Directions for this task »
From the first line to the last, copy the material exactly and leave the pictures out.

Source material »
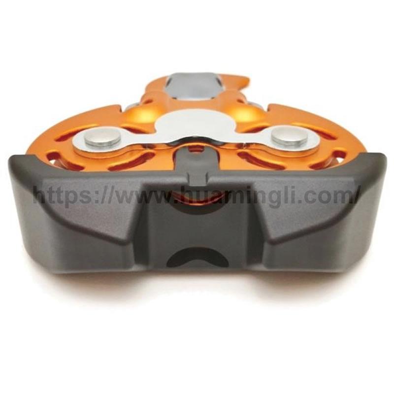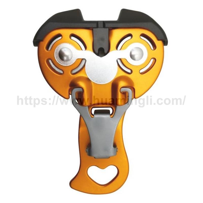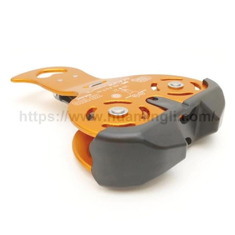 双滑轮,手柄可单手操作,方便挂取滑轮,可用CLACK方便地与安全带连接,材质:主体-铝合金,滚轴-钢
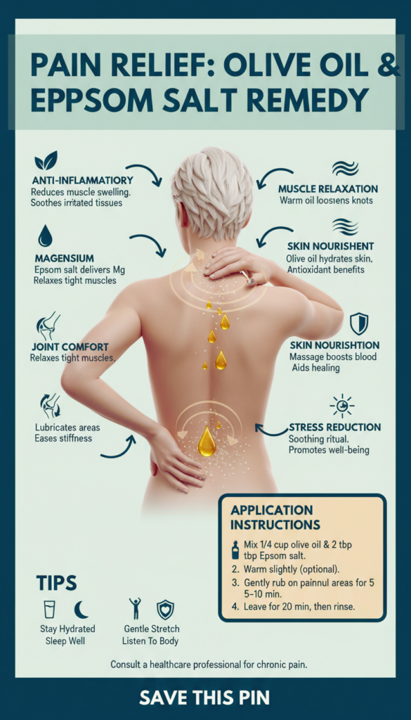 Alrightโif youโre wrestling with aches and pains, donโt overlook this simple olive oil and Epsom salt rub. No science degree required, just a little curiosity and some pantry basics. Plus, itโs way easier to try at home than those mysterious โmiracleโ creams you see online.
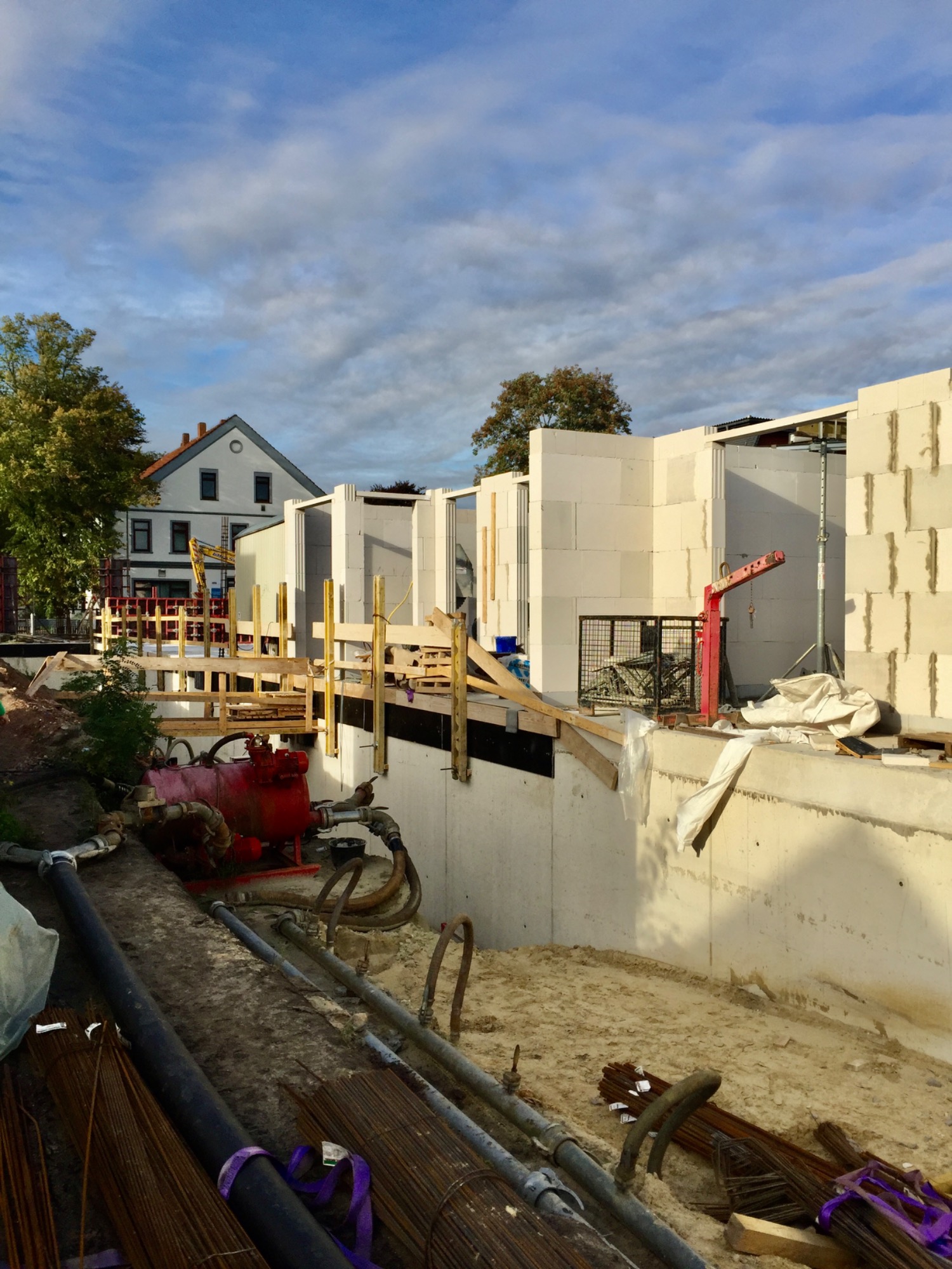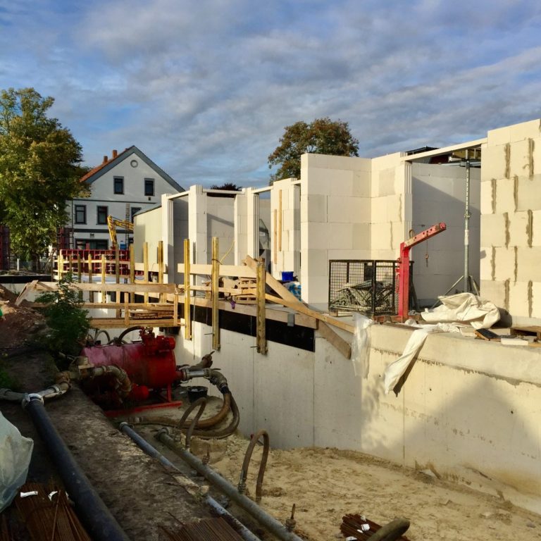 In diesem Bild aus der Bauphase ist im Hintergrund auch die umgebenden Bebauung zu sehen. An diese wurde der Neubau angepasst, u.a. durch graue Kantsteine an den Seiten der Gebäude.

Reply to the exercise »
 双滑轮,手柄可单手操作,方便挂取滑轮,可用CLACK方便地与安全带连接,材质:主体-铝合金,滚轴-钢
 Alrightโif youโre wrestling with aches and pains, donโt overlook this simple olive oil and Epsom salt rub. No science degree required, just a little curiosity and some pantry basics. Plus, itโs way easier to try at home than those mysterious โmiracleโ creams you see online.
 In diesem Bild aus der Bauphase ist im Hintergrund auch die umgebenden Bebauung zu sehen. An diese wurde der Neubau angepasst, u.a. durch graue Kantsteine an den Seiten der Gebäude.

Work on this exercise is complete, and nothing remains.